:: Action item ::
The following data has a line with "سيسمح هذا التطبيق" and a line with "Gold Over Silver". Write out exactly those lines and all the lines between them.

:: Data in this exercise ::
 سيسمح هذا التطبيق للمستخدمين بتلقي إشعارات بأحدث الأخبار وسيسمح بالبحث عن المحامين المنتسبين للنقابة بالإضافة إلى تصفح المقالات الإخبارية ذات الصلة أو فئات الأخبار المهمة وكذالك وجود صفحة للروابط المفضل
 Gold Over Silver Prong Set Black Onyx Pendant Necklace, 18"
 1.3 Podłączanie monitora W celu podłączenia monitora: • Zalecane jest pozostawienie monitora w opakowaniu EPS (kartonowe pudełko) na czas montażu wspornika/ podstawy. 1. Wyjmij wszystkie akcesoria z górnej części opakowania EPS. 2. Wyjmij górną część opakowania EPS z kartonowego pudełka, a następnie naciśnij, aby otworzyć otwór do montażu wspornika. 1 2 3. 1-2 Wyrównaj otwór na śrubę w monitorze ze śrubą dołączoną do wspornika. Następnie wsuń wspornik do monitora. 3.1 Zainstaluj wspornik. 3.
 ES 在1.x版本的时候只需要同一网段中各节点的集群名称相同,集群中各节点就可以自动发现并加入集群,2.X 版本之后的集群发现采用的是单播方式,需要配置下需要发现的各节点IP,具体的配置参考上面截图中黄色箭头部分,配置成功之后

---

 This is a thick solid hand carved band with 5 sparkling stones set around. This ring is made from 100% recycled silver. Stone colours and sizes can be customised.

:: Written response ::
 سيسمح هذا التطبيق للمستخدمين بتلقي إشعارات بأحدث الأخبار وسيسمح بالبحث عن المحامين المنتسبين للنقابة بالإضافة إلى تصفح المقالات الإخبارية ذات الصلة أو فئات الأخبار المهمة وكذالك وجود صفحة للروابط المفضل
 Gold Over Silver Prong Set Black Onyx Pendant Necklace, 18"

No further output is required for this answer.